5. Assessment of risk of toxic damage to people in case of a launch vehicle accident at flight
Organization:
Page: Kosm. teh. Raket. vooruž. 2024, (1); 40-50
DOI: https://doi.org/10.33136/stma2024.01.040
Language: English
Annotation: Despite stringent environmental requirements, modern launch vehicles/integrated launch vehicles (LV/ILV)
burn toxic propellants such as NTO and UDMH. Typically, such propellants are used in the LV/ILV upper
stages, where a small amount of propellant is contained; however, some LV/ILV still use such fuel in all
sustainer propulsion stages. For launch vehicles containing toxic rocket propellants, flight accidents may result
in the failed launch vehicle falling to the Earth’s surface, forming large zones of chemical damage to people
(the zones may exceed blast and fire zones). This is typical for accidents occurring in the first stage flight
segment, when an intact launch vehicle or its components (usually individual stages) with rocket propellants
will reach the Earth’s surface. An explosion and fire following such an impact will most likely lead to a massive
release of toxicant and contamination of the surface air. An accident during the flight segment of the LV/ILV
first stage with toxic rocket propellants, equipped with a flight termination system that implements emergency
engine shutdown in case of detection of an emergency situation, has been considered. To assess the risk
of toxic damage to a person located at a certain point, it is necessary to mathematically describe the zone
within which a potential impact of the failed LV/ILV will entail toxic damage to the person (the so-called zone
of dangerous impact of the failed LV/ILV). The complexity of this lies in the need to take into account the
characteristics of the atmosphere, primarily the wind. Using the zone of toxic damage to people during the fall
of the failed launch vehicle, which is proposed to be represented by a combination of two figures: a semicircle
and a half-ellipse, the corresponding zone of dangerous impact of the failed LV/ILV is constructed. Taking into
account the difficulties of writing the analytical expressions for these figures during the transition to the launch
coordinate system and further integration when identifying the risk, in practical calculations we propose to
approximate the zone of dangerous impact of the failed LV/ILV using a polygon. This allows using a known
procedure to identify risks.

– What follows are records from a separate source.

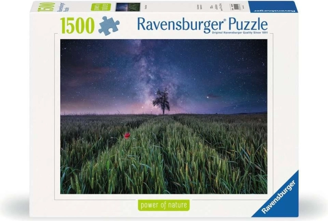 A puzzle gyönyörű éjszakai égbolttal ragadja meg a Tejutat, megőrizve a mező nyugodt hangulatát. Bűbájos dekorációt alkot otthonában.
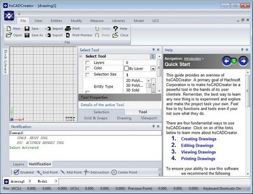 要打开hsCADCreator,请在“所有程序”菜单下单击hsCADCreator。这将启动hsCADCreator。
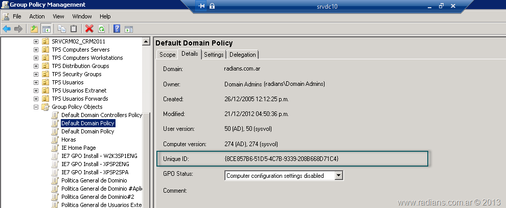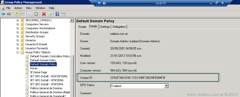 Ahora debemos verificar si esto es lo que nos esta pasando, para ello verificaremos el GUID de la GPO:
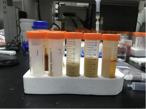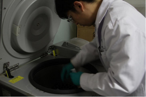 04.离心完成后,将样品取出,并提取出液体,固体部分扔掉。
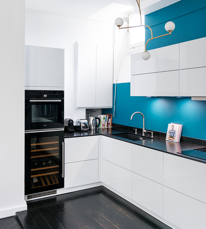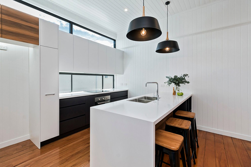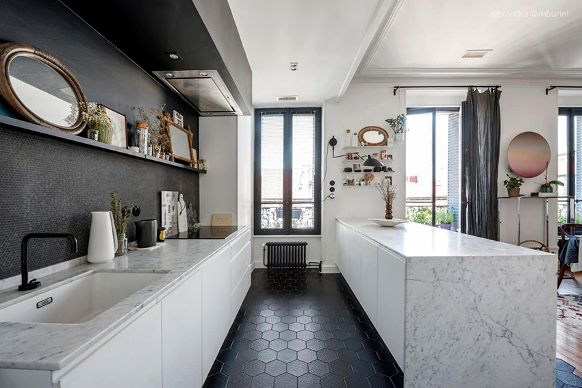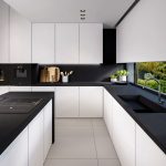 Bucătărie albă cu blat negru: combinația perfectă de contrarii
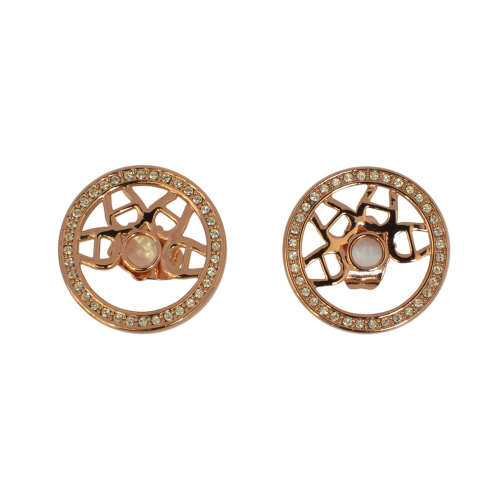 Aigner earring rosegold round with a logo mother of pearl swarovski crystal
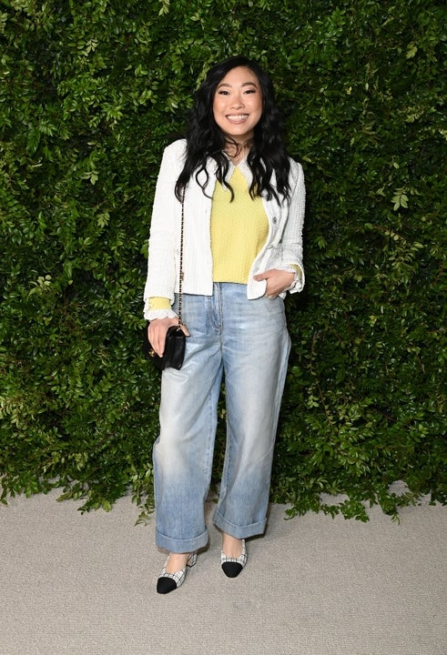 The actress sported a yellow cardigan and vest from the Chanel Cruise 2024/2025 collection with denim jeans from the Fall-Winter 2024/2025 Ready-to-Wear pre-collection.

A generalization of the developed model for identifying the risk of toxic damage
to people involves taking into account various types of critical failures that can lead to the fall of the failed
LV/ILV, and blocking emergency engine shutdown during the initial flight phase. A zone dangerous for people
was constructed using the proposed model for the case of the failure of the Dnepr launch vehicle, where the
risks of toxic damage exceed the permissible level (10–6). The resulting danger zone significantly exceeds the
danger zone caused by the damaging effect of the blast wave. Directions for further improvement of the model
are shown, related to taking into account the real distribution of the toxicant in the atmosphere and a person’s
exposure to a certain toxic dose.
Key words: launch vehicle, critical failure, flight accident, zone of toxic damage to people, zone of dangerous impact of the failed launch vehicle, risk of toxic damage to people.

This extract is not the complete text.